Auxiliary graph-based energy-efficient routing resource allocation algorithm in space division multiplexing elastic optical networks

Abstract

Space division multiplexing elastic optical networks (SDM-EONs) are considered as a efficient solution for increasing the link’s capacity. However, the SDM-EONs brought challenges to be explored, notably the routing, core and spectrum assignment (RCSA) problem. For the real network, another important issue should be considered is the problem of energy consumption. The auxiliary graph (AG) can abstract node devices into elements in it and support various routing policies for different purposes by adjusting the weights of AG edges. Therefore, this paper proposes an auxiliary graph-based energy efficient routing resource allocation algorithm (AG-EERRA) to jointly optimize the energy consumption and RCSA. Each node of the auxiliary graph is abstracted from the devices of physical node. The intra edge weights of nodes set the function associated with the energy consumption model. The inter edge weights of node are composed link length, free frequency slots, modulation efficiency and the value of core crosstalk innovatively.
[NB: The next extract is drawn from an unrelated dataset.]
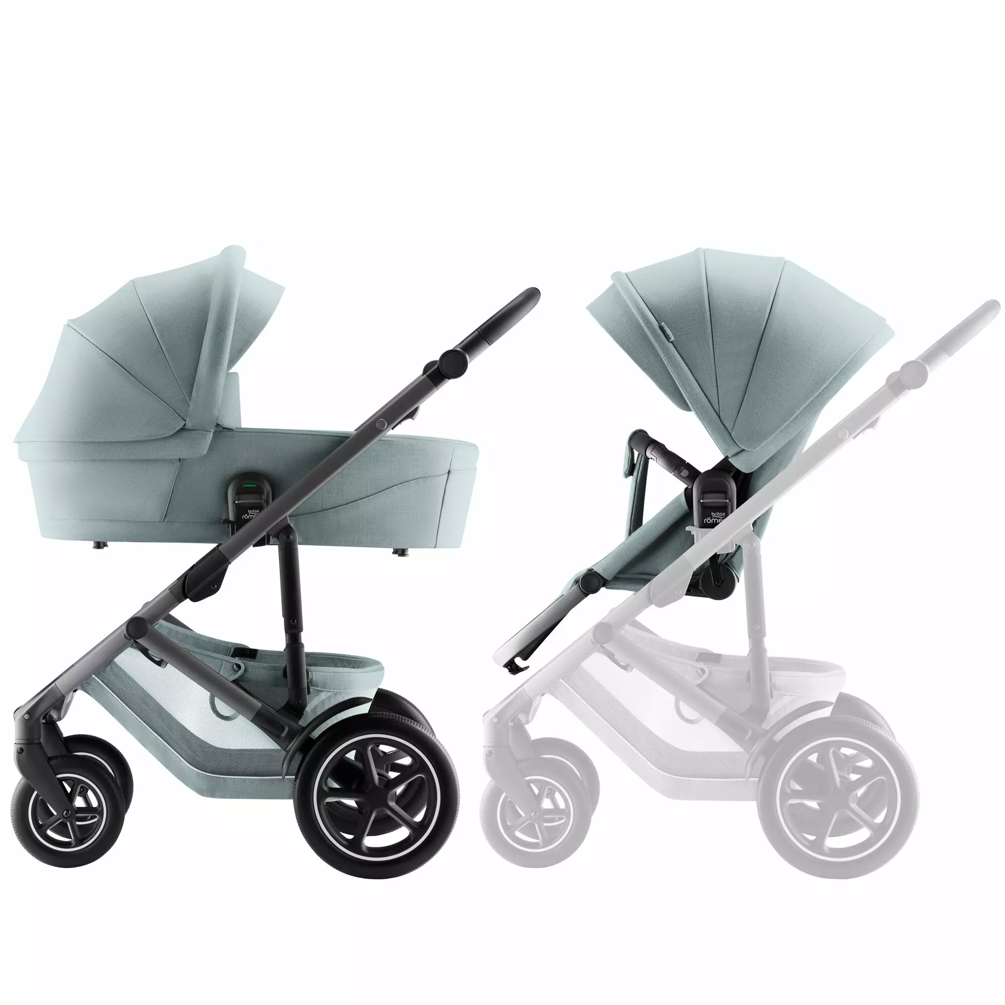 Britax Smile 5Z yhdistelmävaunut ovat monipuoliset vaunut, jotka soveltuvat käyttöön kaikkiin maastoihin. Yhdistelmävaunut sopivat käyttöön vastasyntyneestä alkaen 4-vuotiaaksi asti. Smile 5Z yhdistelmävaunut sisältävät rungon renkaineen, adapterin turvakaukalolle, vaunukopan ja ratasistuimen. Paketin mukana tulevan adapterin avulla voit kiinnittää runkoon vaivattomasti myös Britax turvakaukalon.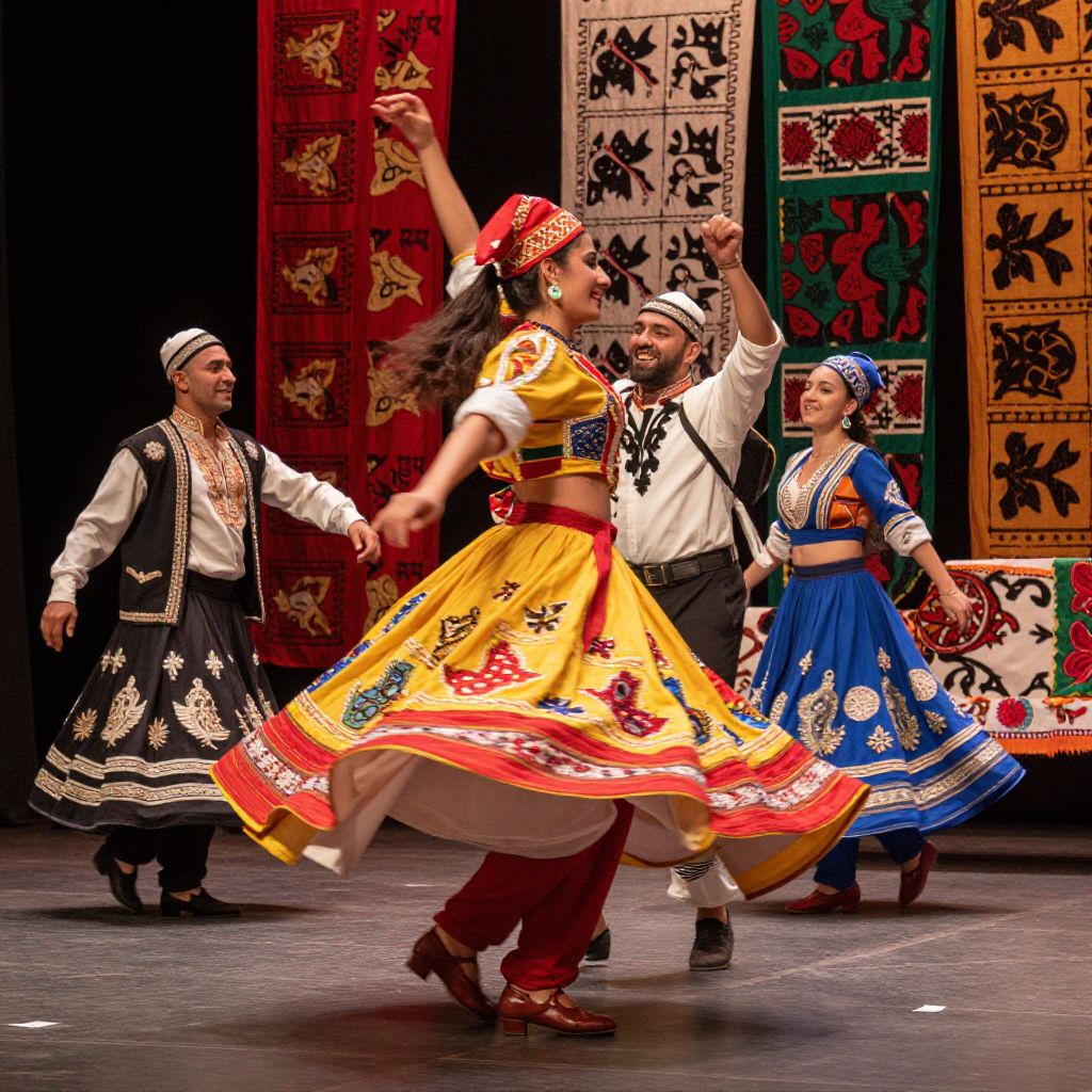 Lebanese dance performance with men and women in colorful traditional garments, swirling movement captured mid-motion, energetic expressions, vibrant stage draped with embroidered fabrics, dramatic lighting highlighting dynamic choreography and cultural celebration.

Meanwhile, the impact of inter-core crosstalk on request is reduced by crosstalk avoidance strategy and crosstalk aware strategy. In the proposed auxiliary graph, the shortest weight path is selected to transmit requests that can reduce network energy consumption and blocking probability. Under the high-load network, request splitting is performed for the requests that cannot successfully find a route to improve energy efficiency. Simulation results show that the proposed algorithm can improve the network energy efficiency while reducing request blocking probability compared to comparison algorithms.